[Task directions] Would you repeat the entries below exactly and omit the pictures?

[Records to process]

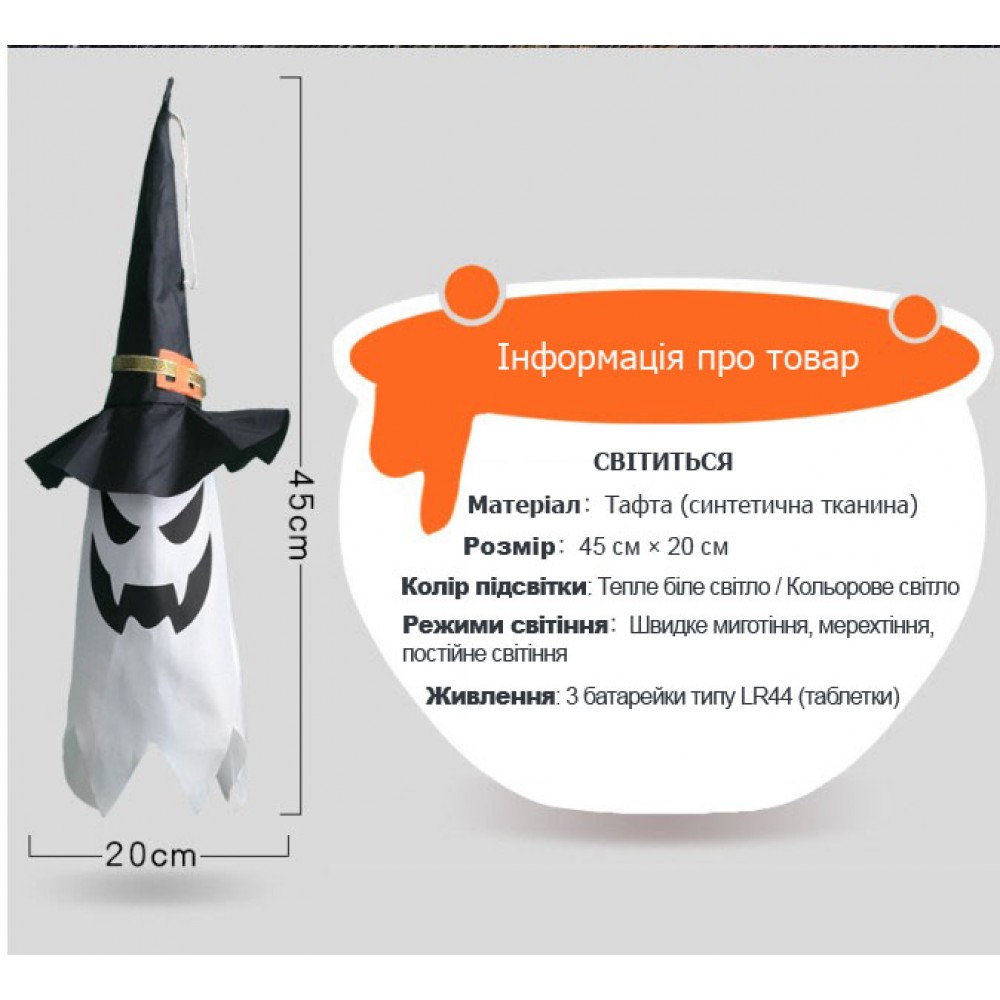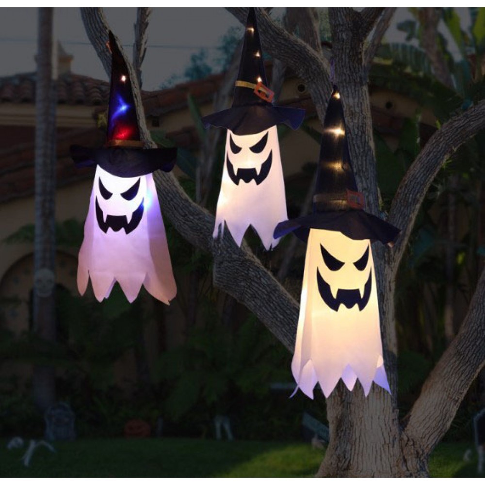 Подвесное привидение с подсветкой в шляпе ведьмы — декор для Хэллоуина
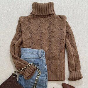 Brown Casual Women's Comfortable Twisted Rope Pattern Textured High neck sweater
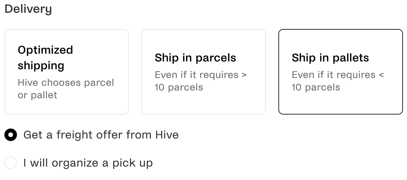 If you want your order to be packed on a pallet and shipped with our Freight services, and you are unsure if the order will be packed in 10 or more boxes, you can select on the order: "Ship in pallets" + "Get a freight offer from Hive"
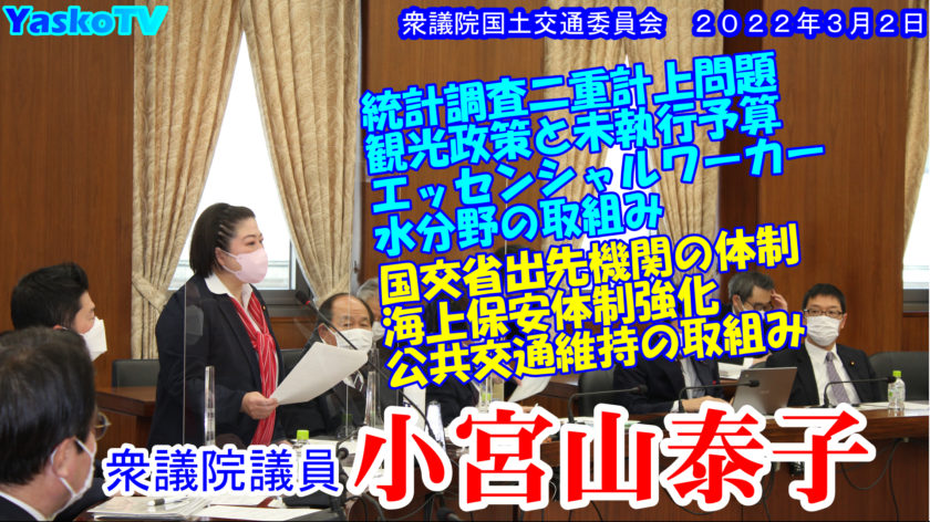 2日、衆議院国土交通委員会での大臣所信に対する質疑にて、国土交通大臣ならびに国土交通省官房長、海上保安庁長官、観光庁長官、自動車局長はじめとした政府参考人より答弁を求めました。 国土交通委員会にて 斉藤国土交通大臣 質疑
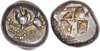 Griffin leaping left, with both forepaws raised, hound below. Rev. Quadripartite incuse square. (May, Abdera, 5; CN type 4397). Good Very Fine. Struck somewhat off-centre. Extremely rare. No others on CoinArchives. Superior to the specimen in the Corpus Nummorum.
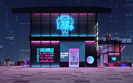 空间中大面积使用不锈钢、铝以及玻璃等冷调材质,用光线勾勒建筑线条,用色彩碰撞填充环境氛围,运用光线和镜面给冷峻基调增添真切生机。大胆选用具有不羁秉性的哪吒IP作为品牌形象,融合在未来空间中的桀骜气质也散发着超然于世的夺目光彩。项目一经落地,吸引了不少年轻人光顾打卡。
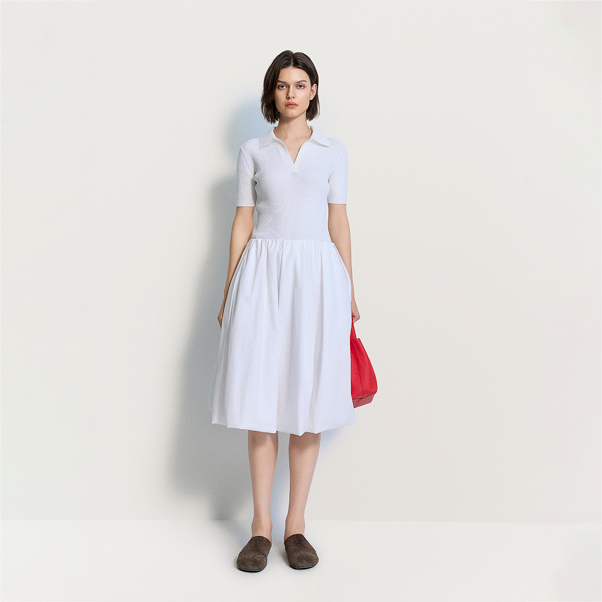 MOCO连衣裙2025秋新品 两件套POLO领含羊毛松紧腰A字裙MBE3DRST06
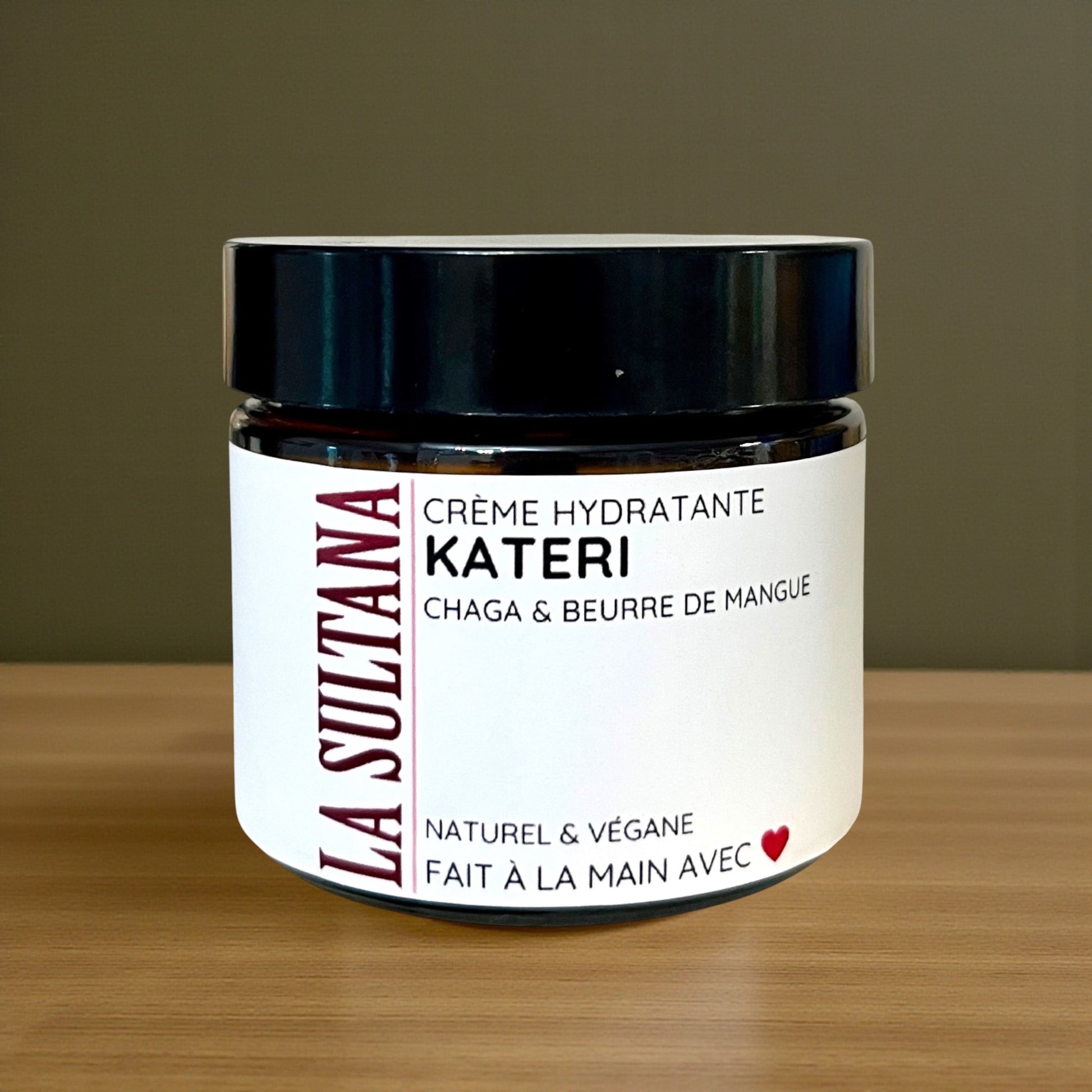 La crème hydratante végane Kateri, composée d‘extraits de champignons Chaga canadiens, est un soin luxueux enrichi en beurre de mangue, huile d’avocat et beurre de karité.
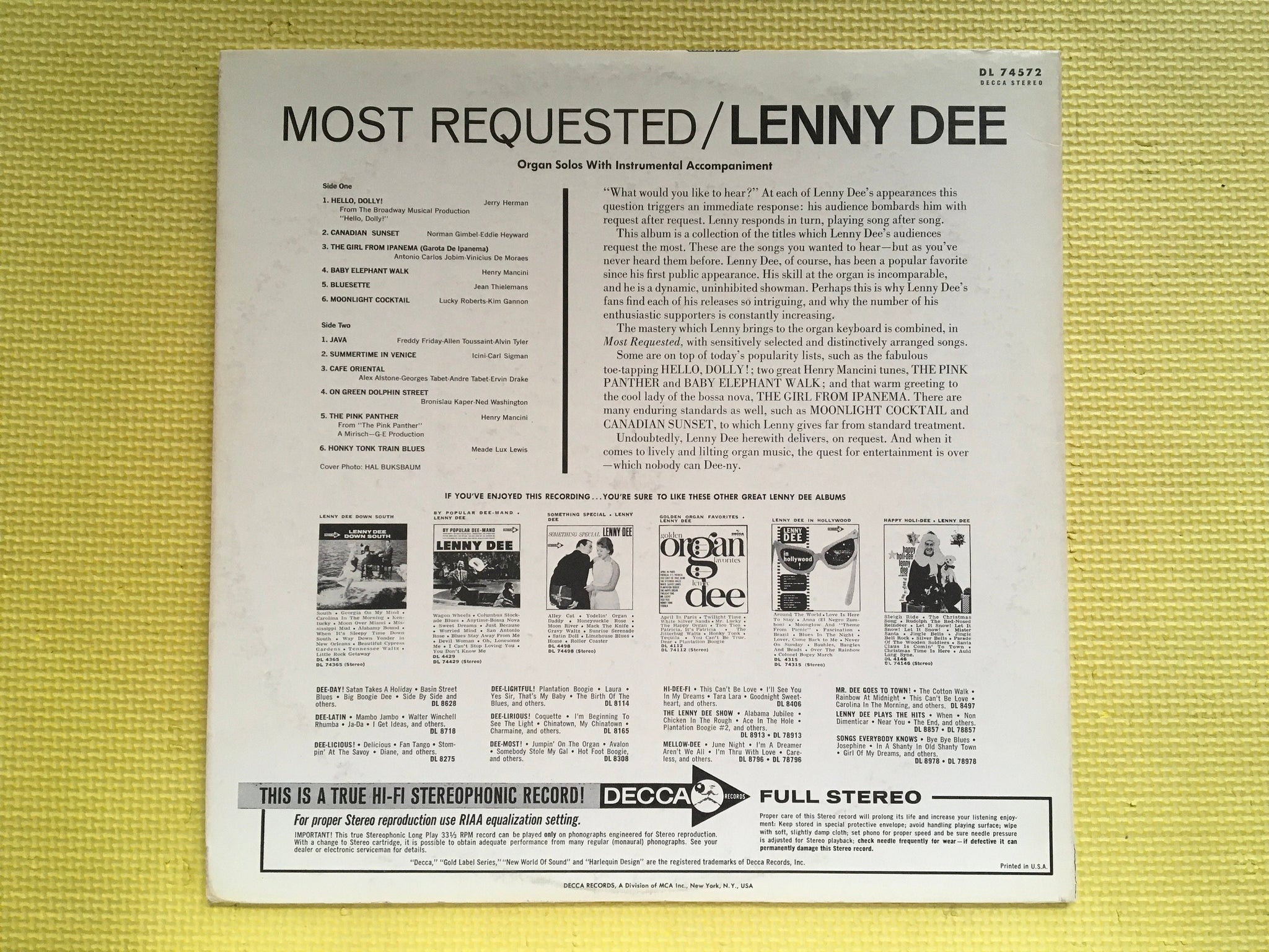Lenny Dee Most Requested! Organ Solos Vinyl LP Decca Stereo DL 74572

[Result of this exercise]
 Подвесное привидение с подсветкой в шляпе ведьмы — декор для Хэллоуина
 Brown Casual Women's Comfortable Twisted Rope Pattern Textured High neck sweater
 If you want your order to be packed on a pallet and shipped with our Freight services, and you are unsure if the order will be packed in 10 or more boxes, you can select on the order: "Ship in pallets" + "Get a freight offer from Hive"
 2日、衆議院国土交通委員会での大臣所信に対する質疑にて、国土交通大臣ならびに国土交通省官房長、海上保安庁長官、観光庁長官、自動車局長はじめとした政府参考人より答弁を求めました。 国土交通委員会にて 斉藤国土交通大臣 質疑
 Griffin leaping left, with both forepaws raised, hound below. Rev. Quadripartite incuse square. (May, Abdera, 5; CN type 4397). Good Very Fine. Struck somewhat off-centre. Extremely rare. No others on CoinArchives. Superior to the specimen in the Corpus Nummorum.
 空间中大面积使用不锈钢、铝以及玻璃等冷调材质,用光线勾勒建筑线条,用色彩碰撞填充环境氛围,运用光线和镜面给冷峻基调增添真切生机。大胆选用具有不羁秉性的哪吒IP作为品牌形象,融合在未来空间中的桀骜气质也散发着超然于世的夺目光彩。项目一经落地,吸引了不少年轻人光顾打卡。
 MOCO连衣裙2025秋新品 两件套POLO领含羊毛松紧腰A字裙MBE3DRST06
 La crème hydratante végane Kateri, composée d‘extraits de champignons Chaga canadiens, est un soin luxueux enrichi en beurre de mangue, huile d’avocat et beurre de karité.
Lenny Dee Most Requested! Organ Solos Vinyl LP Decca Stereo DL 74572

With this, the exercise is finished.